湖陽城北,梵山宿家。
驟雨初停,僅留縷縷金色的光芒從云層中穿射而出。被雨打落的花瓣星星點點的綴在湖面上。
臨湖窗邊,一只骨節勻稱,似初雪般白的手輕輕繞著一條綢帶,懶懶搭在窗沿上。
“我管他去死。”少女只垂眸看手中的綢帶,仿若說了再普通不過的一句話。
“鈴音小姐,鳴山少爺是您的哥哥呀,您若是不救他,他可就可就”伏在地上的侍女有些哽咽,只顧俯首磕頭。
“我哥哥我母親可只有我一個女兒,我可不認什么哥哥的。”鈴音瞟向伏在地上的侍女,淡聲說道。
“你有空求我,不若去求求我爹爹,想必他是愿意救他一命的,拿了梵山的布防圖去討好無鋒,他倒是聰穎。”
侍女抬起頭,似乎對她有些嘲諷的話有些無言以對,只囁嚅著小聲喃喃“您是長老們親自指定的下一任宿家家主,您說話自然自然是有用的”
看著鈴音不知何時已直直盯著她的有些淡漠的眸子,她停住了要說的話。
只聞少女嗤笑了一聲“我可保不住他,一個婢子靠下作手段生下來的骯臟血脈,卻肖想宿家掌門人。”
“他也不怕折了他的賤命。”看著侍女頭頂簪的玉蘭珠花,鈴音勾唇笑了笑,徑直向將她走去。
侍女看著落去手中的白綢,仰起哭的楚楚可憐的削尖面龐,有些疑惑地望向站在身前的少女。
只見她面若白玉,秀眉杏眸,平日總噙著笑意的眼眸此刻淡漠無波。她輕啟唇道“賜你了,你對他的情意,還是去地下敘吧。”隨即攏了攏披風,提裙出了門。
梵山宿家,是江湖中除了宮門之外,最為出名的正派勢力,以綺羅劍術揚名江湖,因世代與宮門交好,被無鋒視為敵對派系。
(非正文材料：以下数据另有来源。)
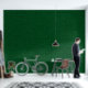 Schwarz auf grünem geometrischem Überschneidungspapier
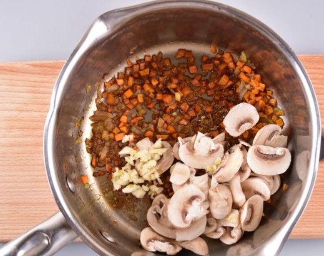 Then add mushrooms and 2/3 garlic. Fry over low heat for another 5 minutes.

此次宿鳴山盜取梵山布防圖,私自勾結無鋒,是想依靠無鋒勢力謀取宿家繼承人之位。然而布防圖落入無鋒手中,盡管一時之間無鋒無法破取宿家獨有的秘密標記,但梵山已經不再像從前那般銅墻鐵壁。宿鈴音身為還未長成的下一任掌門人,必然是無鋒的重點關注對象。
“依老夫看來,不若將鈴音送往宮門暫住,托宮門照料一段時間,待梵山防御重新更改完善,再將鈴音接回來,各位意下如何。”梅長老撫了撫胡須看向身旁三位長老。
“自無不可,只是宮門”竹長老有些猶豫,“宮門向來不接受外來之人,更何況鈴音乃我梵山下一任家主,若將鈴音送往宮門,恐怕宮門那邊會覺不妥啊。”
“這有什么,吾已去信宮門三位長老,他們已經同意鈴音暫住宮門。”梅長老揮了揮手,爽朗道。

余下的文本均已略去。